I think clay pebbles are at best of no real value in the bottom, and from reading on the hydraulic interface of two different mediums, water tends to resist crossing such a barrier. My current grow uses no pebbles. i'm also running both coco and soil 3 pots of each, and 2 have AIT units ( similar to airdomes ). I've only turned on the res about 3 days ago, so no real data yet.
So in your view, Autopots need and should not have their medium go through wet-dry cycles, rather the constant small incremental feedings overall keep the coco at a fairly constant moisture (with aerated water), with this the goal. Seems very plausible and likely a major or even the main benefit with Autopots. This and the remarks so far appear to presume that the coco vs. the bottom/Hydroton portion of the pot is where the root growth and activity takes place. But I haven't seen that this has been fully resolved. There has not been much related testing with Autopots reported yet.
A few questions for all Autopot users:
1) In my doing post-harvest root examination so far on a single Autopot pot (too small a sample?), nearly all of the roots were in the bottom/Hydroton portion, not in the coco.
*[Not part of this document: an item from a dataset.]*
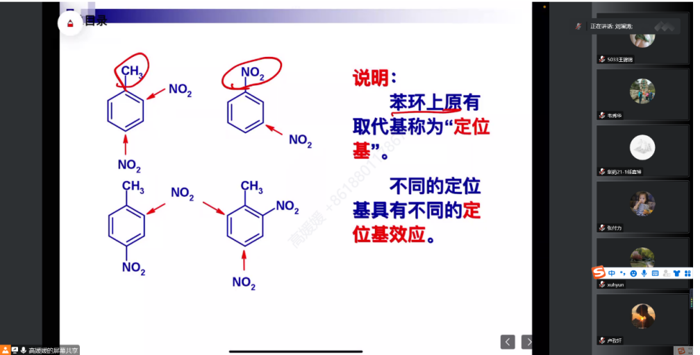 本次公开课的内容是单环芳烃的化学性质。高老师课前先带领学生回顾烯烃和炔烃等富电子基团的化学性质,由此引出芳环上可能发生的加氢和亲电反应。接着系统讲解了芳环发生亲电取代反应的过程和机理,并对反应过程中产生的中间体做了详细讲解。之后通过对硝化反应的介绍和讲解,让学生对亲电取代反应的机理有了更深刻的认识。在此过程中针对一些重要的知识点对学生进行抽查提问,教学环节过渡自然,循序渐进。

This suggests that the Hydroton layer is what we should be most concerned with, not the upper coco layer. How does this fit in (or not) with the presumption that fairly constant optimal coco dampness is what is desired, and the perhaps related presumption that the roots grow mostly in the coco?
2) Can anyone contribute any observational information on these matters? For example, has anyone else yet done a post-harvest examination of Autopot roots? Were the roots in the bottom/Hydroton and/or in the coco?
3) Would Autopots work even better if some real wet-dry feeding cycling were added? Autopots, on their own, look to do rather well at constant incremental feeding to maintain consistent media moisture/wetness. Would adding some wet-dry cycling improve the grow? For example, why not say once or twice per week close off all your valves (for a day, 2, whatever it actually takes) and let the coco do some real drying out; then turn the system back on again for say another 2 or 3 days (then off again)?